For this purpose, the party concerned must support the uncertainties cited with regard to testamentary capacity by, for example, submitting medical documents or naming the doctors providing treatment.
If, on the other hand, there are only assumptions or hypothetical conclusions that are not based on verifiable, case-related facts or circumstantial evidence, there is no obligation for the court to conduct an independent investigation.

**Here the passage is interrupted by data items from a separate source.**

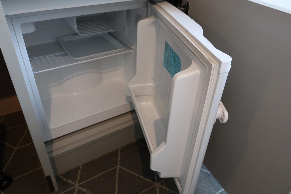 冷蔵庫は空でこのキャパ。使うときは電源をONにする必要があります。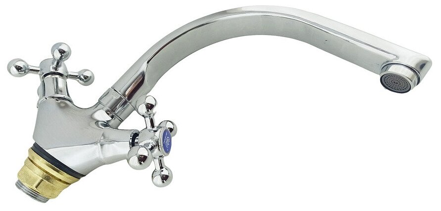 Смеситель для кухни/ Dokorona двухвентильный из латуни, крепление на гайке, цвет глянцевый хром.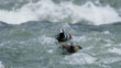 Compilation of harlequin ducks jumping into the river and floating - 4K stock video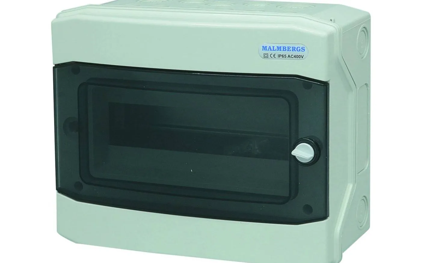 Halogenfri normkapsling tillverkad i UV-beständig, slagtålig och självslocknande ASA-plast 650°C. Bakstycket är heltäckande och har utbrytningshål för inkommande kablar och rör. Levereras komplett med rökfärgad dörr och noll- och skyddsledarskenor av polyamid 960°C. 6 modulers täcklock medföljer.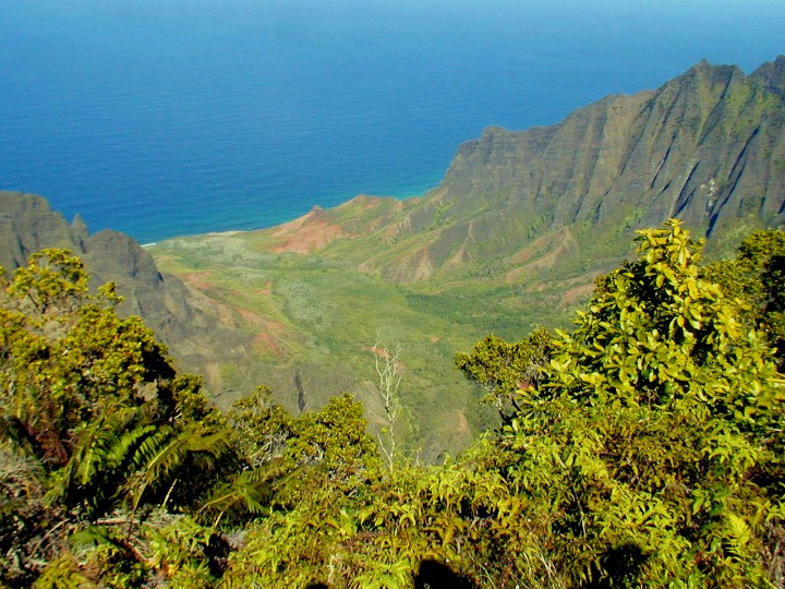 A look down onto the floor of the Kalalau Valley.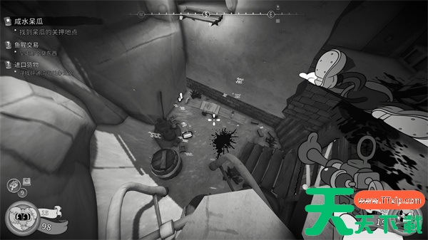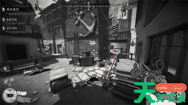 2、在 [砰通湾] 一路探索,进入屋内,拿到坑底的鲱鱼罐头。

However, if the allegations are based on objective facts or circumstantial evidence, it is for the court to clarify the medical condition and review the conclusions to be drawn from these circumstances.
How is it determined?
Usually, an expert in the form of a psychiatrist or neurologist is commissioned to draw up an expert opinion on testamentary capacity. Specialists from other medical fields can also be included as witnesses in the report. Nevertheless, a medical report alone does not conclusively determine the question of testamentary capacity. Ultimately, the final decision on testamentary capacity or incapacity lies with the competent probate court. The medical report can influence the decision, but cannot finalise it.
As a rule, the probate court examines a case if there are doubts about the testamentary capacity of a deceased testator. In such cases, the court may call in an expert to investigate possible testamentary incapacity. The expert will first establish whether the testator suffered from an illness and then check whether this illness affected his or her ability to form a free will. The court will then make its decision based on the expert's opinion and may consider both the medical report and witness statements about the testator's behaviour.
The testator's medical records could also be included in the examination. It should be noted, however, that this judicial assessment cannot be carried out during the testator's lifetime, which is why it is often difficult to verify testamentary capacity if no medical reports were available at the time the will was drawn up.
Who bears the risk for the lack of testamentary capacity?
In its judgement of 26 April 2022, the Higher Regional Court of Celle ruled that the heir appointed by the will bears the risk for the invalidity of the will in the event of the testator's incapacity to make a will. This means that the supposed heir must hand over all estate items to the true heirs, even if many years have passed since the testator's death.